### [WHAT THE TASK REQUIRES]
Repeat exactly, and only, the lines of the entries below from the one with "فَإِذا قلت: كم عمَّة فعلى" through the one with "Cache-pot de jardin", both ends included.

== EXCERPTED DATA ==

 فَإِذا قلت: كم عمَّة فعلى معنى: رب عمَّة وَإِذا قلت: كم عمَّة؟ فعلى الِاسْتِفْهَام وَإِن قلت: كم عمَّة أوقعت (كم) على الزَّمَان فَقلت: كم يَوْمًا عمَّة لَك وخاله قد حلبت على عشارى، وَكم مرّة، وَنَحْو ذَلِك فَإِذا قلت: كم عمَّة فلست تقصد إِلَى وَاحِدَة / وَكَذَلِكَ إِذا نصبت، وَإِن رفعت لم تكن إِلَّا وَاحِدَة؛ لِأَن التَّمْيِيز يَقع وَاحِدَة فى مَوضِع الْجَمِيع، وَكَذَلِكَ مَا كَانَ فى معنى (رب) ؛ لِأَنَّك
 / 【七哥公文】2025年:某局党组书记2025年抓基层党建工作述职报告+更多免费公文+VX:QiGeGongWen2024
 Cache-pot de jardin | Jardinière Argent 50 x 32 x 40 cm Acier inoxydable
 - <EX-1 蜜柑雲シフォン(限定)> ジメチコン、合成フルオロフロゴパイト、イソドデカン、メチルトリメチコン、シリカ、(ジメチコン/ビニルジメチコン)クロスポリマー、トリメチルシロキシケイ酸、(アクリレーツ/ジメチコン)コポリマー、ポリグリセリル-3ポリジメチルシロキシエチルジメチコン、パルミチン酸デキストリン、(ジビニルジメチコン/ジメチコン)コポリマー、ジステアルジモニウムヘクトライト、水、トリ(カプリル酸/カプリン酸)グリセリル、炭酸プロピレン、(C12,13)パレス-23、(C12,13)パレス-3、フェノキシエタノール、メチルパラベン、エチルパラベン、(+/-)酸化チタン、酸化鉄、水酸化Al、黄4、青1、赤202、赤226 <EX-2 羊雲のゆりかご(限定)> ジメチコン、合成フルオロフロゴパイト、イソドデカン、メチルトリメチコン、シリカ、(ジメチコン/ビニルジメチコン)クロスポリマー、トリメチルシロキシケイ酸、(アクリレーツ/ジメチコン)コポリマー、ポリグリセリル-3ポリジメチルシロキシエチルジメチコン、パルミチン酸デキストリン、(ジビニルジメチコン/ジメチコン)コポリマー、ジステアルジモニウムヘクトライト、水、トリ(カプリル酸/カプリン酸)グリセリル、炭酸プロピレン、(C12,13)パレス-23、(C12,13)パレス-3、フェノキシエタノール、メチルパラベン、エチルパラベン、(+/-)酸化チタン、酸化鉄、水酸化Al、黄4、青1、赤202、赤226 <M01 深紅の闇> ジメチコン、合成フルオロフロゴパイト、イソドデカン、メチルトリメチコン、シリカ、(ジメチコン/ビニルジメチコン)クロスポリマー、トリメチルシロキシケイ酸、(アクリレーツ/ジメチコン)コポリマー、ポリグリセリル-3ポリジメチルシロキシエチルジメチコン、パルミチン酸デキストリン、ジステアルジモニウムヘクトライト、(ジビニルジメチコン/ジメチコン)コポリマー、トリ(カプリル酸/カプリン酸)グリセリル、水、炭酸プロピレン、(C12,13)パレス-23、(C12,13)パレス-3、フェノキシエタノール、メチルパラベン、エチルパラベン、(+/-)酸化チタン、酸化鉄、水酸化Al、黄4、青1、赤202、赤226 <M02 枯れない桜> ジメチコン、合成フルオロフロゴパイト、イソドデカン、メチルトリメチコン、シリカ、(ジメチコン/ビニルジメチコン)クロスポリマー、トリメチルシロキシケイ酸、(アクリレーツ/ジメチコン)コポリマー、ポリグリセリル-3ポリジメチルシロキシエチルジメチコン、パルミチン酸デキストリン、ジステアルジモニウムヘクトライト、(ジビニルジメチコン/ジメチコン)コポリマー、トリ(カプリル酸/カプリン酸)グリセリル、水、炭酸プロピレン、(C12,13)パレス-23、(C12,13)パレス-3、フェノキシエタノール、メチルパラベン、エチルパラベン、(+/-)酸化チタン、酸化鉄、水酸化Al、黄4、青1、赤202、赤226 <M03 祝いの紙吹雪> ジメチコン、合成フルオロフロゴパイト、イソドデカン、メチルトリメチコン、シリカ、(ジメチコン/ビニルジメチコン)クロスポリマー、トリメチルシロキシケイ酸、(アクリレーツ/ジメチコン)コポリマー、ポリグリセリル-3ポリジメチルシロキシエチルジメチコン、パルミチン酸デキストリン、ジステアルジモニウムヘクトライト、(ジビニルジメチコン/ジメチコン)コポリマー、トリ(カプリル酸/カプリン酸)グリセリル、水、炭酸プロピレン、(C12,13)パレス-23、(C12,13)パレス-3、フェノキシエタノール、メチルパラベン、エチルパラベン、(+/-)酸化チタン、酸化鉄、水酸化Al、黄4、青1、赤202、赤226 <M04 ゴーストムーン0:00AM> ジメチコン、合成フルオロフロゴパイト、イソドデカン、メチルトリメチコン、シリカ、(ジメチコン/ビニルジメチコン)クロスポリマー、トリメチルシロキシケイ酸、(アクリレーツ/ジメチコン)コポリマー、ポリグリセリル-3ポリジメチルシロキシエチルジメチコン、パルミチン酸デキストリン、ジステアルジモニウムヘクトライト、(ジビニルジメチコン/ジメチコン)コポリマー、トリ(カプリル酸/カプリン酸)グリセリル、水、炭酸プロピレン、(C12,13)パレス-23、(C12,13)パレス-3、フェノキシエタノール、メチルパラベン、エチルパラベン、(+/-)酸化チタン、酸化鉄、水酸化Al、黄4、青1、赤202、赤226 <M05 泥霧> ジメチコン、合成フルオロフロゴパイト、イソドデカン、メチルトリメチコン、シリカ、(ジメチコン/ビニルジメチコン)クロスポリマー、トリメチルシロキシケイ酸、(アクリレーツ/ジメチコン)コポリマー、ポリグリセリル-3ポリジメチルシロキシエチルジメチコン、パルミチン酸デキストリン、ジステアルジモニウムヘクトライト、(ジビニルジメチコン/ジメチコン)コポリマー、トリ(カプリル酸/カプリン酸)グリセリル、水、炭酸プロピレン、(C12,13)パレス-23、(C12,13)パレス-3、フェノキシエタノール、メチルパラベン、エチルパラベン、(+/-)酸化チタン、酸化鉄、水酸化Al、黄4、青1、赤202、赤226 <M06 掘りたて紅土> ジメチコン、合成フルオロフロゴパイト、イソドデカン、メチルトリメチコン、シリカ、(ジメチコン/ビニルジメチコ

===
== EXCERPTED DATA ==

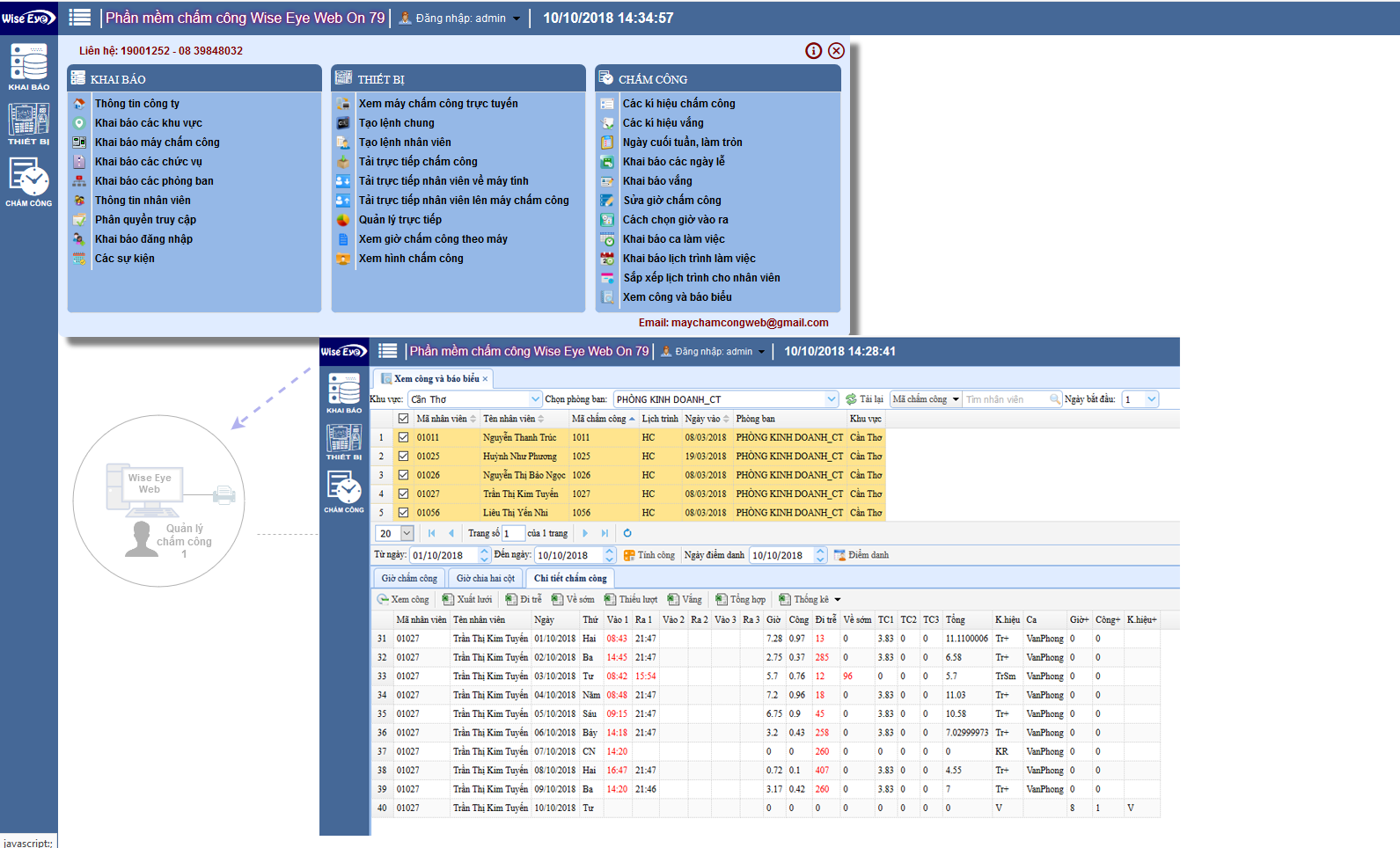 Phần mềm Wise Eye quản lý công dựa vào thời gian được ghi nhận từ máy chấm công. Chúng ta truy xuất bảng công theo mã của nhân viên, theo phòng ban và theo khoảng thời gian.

===

### [TASK ANSWER]
 فَإِذا قلت: كم عمَّة فعلى معنى: رب عمَّة وَإِذا قلت: كم عمَّة؟ فعلى الِاسْتِفْهَام وَإِن قلت: كم عمَّة أوقعت (كم) على الزَّمَان فَقلت: كم يَوْمًا عمَّة لَك وخاله قد حلبت على عشارى، وَكم مرّة، وَنَحْو ذَلِك فَإِذا قلت: كم عمَّة فلست تقصد إِلَى وَاحِدَة / وَكَذَلِكَ إِذا نصبت، وَإِن رفعت لم تكن إِلَّا وَاحِدَة؛ لِأَن التَّمْيِيز يَقع وَاحِدَة فى مَوضِع الْجَمِيع، وَكَذَلِكَ مَا كَانَ فى معنى (رب) ؛ لِأَنَّك
 / 【七哥公文】2025年:某局党组书记2025年抓基层党建工作述职报告+更多免费公文+VX:QiGeGongWen2024
 Cache-pot de jardin | Jardinière Argent 50 x 32 x 40 cm Acier inoxydable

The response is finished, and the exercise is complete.